Considerations on the Focus of a Nursing Diagnosis
We can all probably agree that the most critical part of a diagnosis is the focus – the human response that is being identified.
In the past, we had a focus term that mirrored the diagnosis label for every diagnosis, meaning that we had 170 terms! This is not helpful when a nurse is trying to identify a pattern in patient data that is not familiar, nor is it helpful for machine-readable tools that provide decision support to nurses.
Revising this Axis was without a doubt the most difficult part of this work, and it took us understanding that the terms in the axis do not have to be identical to the terms in the diagnosis label. They need to represent the human response, but do not need to be identical to the label terms.
With this new understanding in mind, we opted on a two-part focus, with the first part being a broader term (required) and the second being more granular (optional-used if it provides more clarity to the focus). This enabled us to reduce the terms to 24 primary foci and 71 secondary foci.

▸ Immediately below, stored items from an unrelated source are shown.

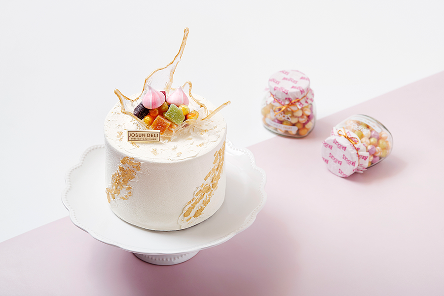 케이크 위에 설탕공예로 바구니를 만들어 미세스 브릿지 사탕과 파티시에가 직접 만든 청사과, 망고, 딸기, 블루베리 수제 젤리와 핑크빛 머랭을 담아 로맨틱 무드를 연출했다.
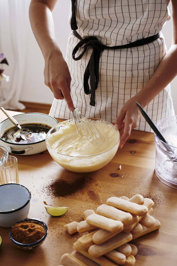 Woman stirring Mascarpone cream for preparing Tiramisu, partial view
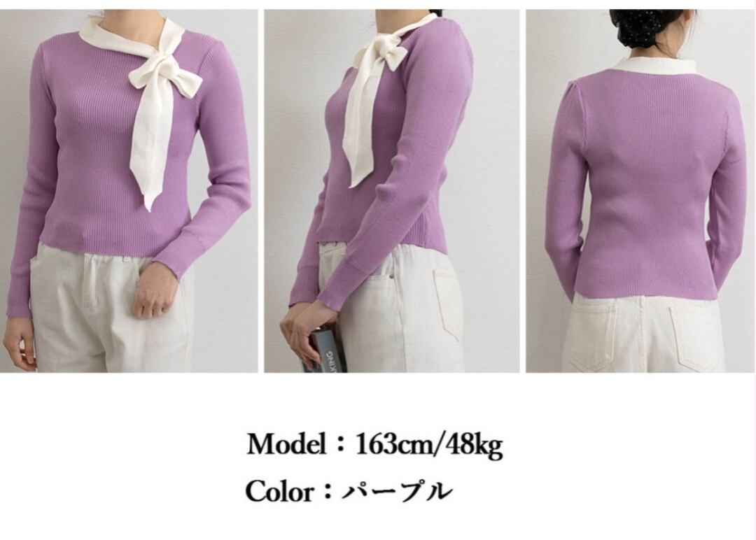 ネックラインのリボンデザインがアクセントになり、エレガントな印象を与えるアイテムです。
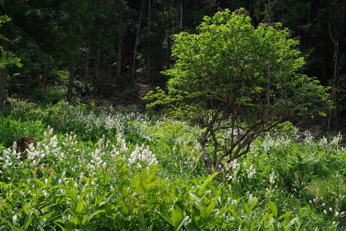 久しぶりに訪れた、愛知県の葦毛湿原の奥ににある、ミカワバイケイソウ群生地。 木々が切り払われて、以前より、広い範囲が保護されていた。 少しピークは過ぎていたが、白い花が群れ咲く様子を見ることができた。 |
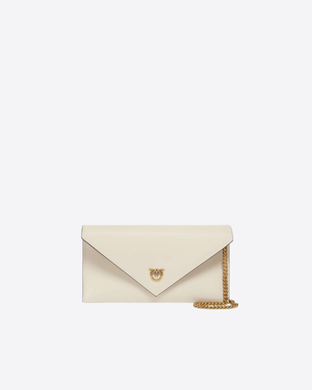 Piccola borsa piatta dal design a bustina, realizzata in morbida pelle mano seta dalla texture liscia. È dotata di una sottile tracolla a catena rimovibile che consente di indossarla a spalla o portarla a mano. L’accessorio è impreziosito dall’iconico logo Love Birds in corrispondenza della chiusura magnetica, che apre su un interno foderato, organizzato con pratici scomparti a parete per carte e documenti.
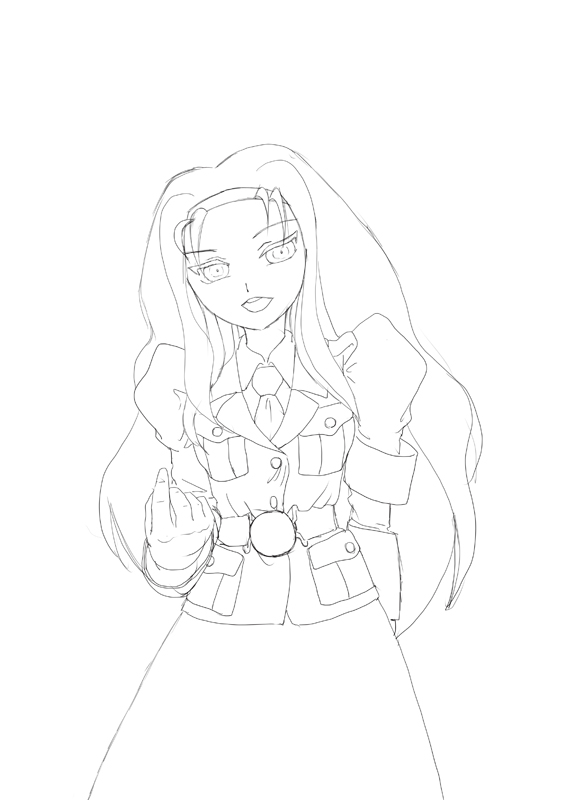 ラフをベースに細ブラシで正解の線を仕上げていきまする。SAIの画面の回転機能はいいっスな。PSは角度入力せよとか言ってぐりんぐりんできないし。
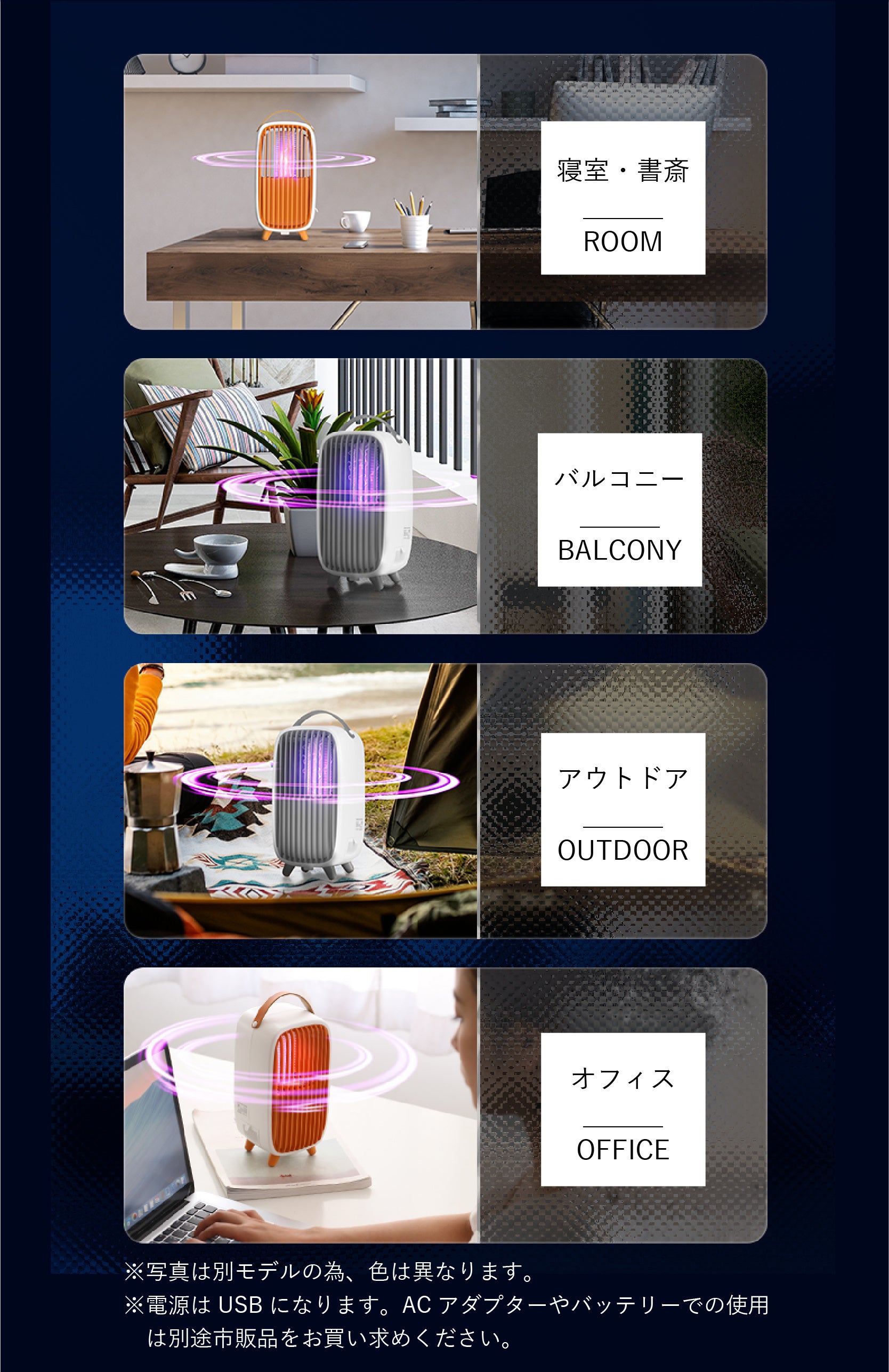 USB電源で動作しお部屋ではもちろんですが、別市販モバイルバッテリー等でキャンプ・アウトドアでのご使用も可能です。
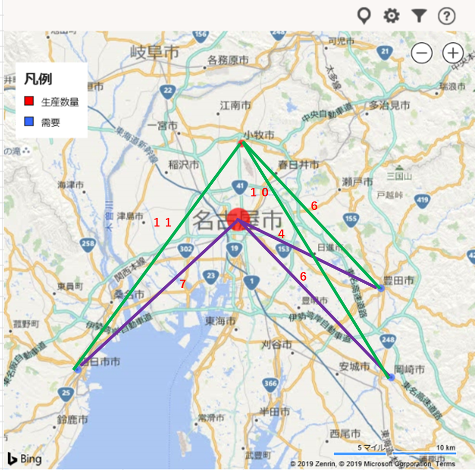 <簡単な事例>工場が名古屋市と小牧市にある。お客様の工場が岡崎市、豊田市、四日市市にあり、部品を輸送する。名古屋市の工場での生量量30個/日、小牧市の工場での生産量20個/日、お客様の需要が岡崎市が15個/日、豊田市が25個/日、四日市市が10個とし、輸送費が名古屋工場と小牧工場から各お客様の工場ごとへの輸送費が設定された場合の、総輸送費が最小となる輸送方法を求める事例。

For the primary focus, we suggest that this be thought of as the inference that “strikes you first” as you are considering the human response you are identifying in the patient. Let’s look at an example using the diagnosis, decreased activity tolerance (00298). The thought process might be:
Q: “What strikes me about the pattern I am seeing in this individual?”
A: “There is an issue with the patient’s energy level.”
Q: “What, specifically, is it about the energy level?”
A: “The patient’s endurance is diminished.”
Therefore, for this diagnosis we have a primary focus of energy level, and a secondary focus of endurance. It should be noted that neither of these axis terms appears in the diagnostic label, decreased activity tolerance. However, the definition of the diagnosis – “Insufficient endurance to complete required or desired daily activities” – is clearly related to energy level and, more specifically, to endurance.
The terms for all axes will be provided in the NANDA International nursing diagnoses: definitions and classification, 2024-2026. It will be an expectation that developers of diagnoses identify the axes that best represent their diagnoses – or recommend additions, if none of our current terms are applicable.
We will provide more information in the coming weeks and months regarding these changes.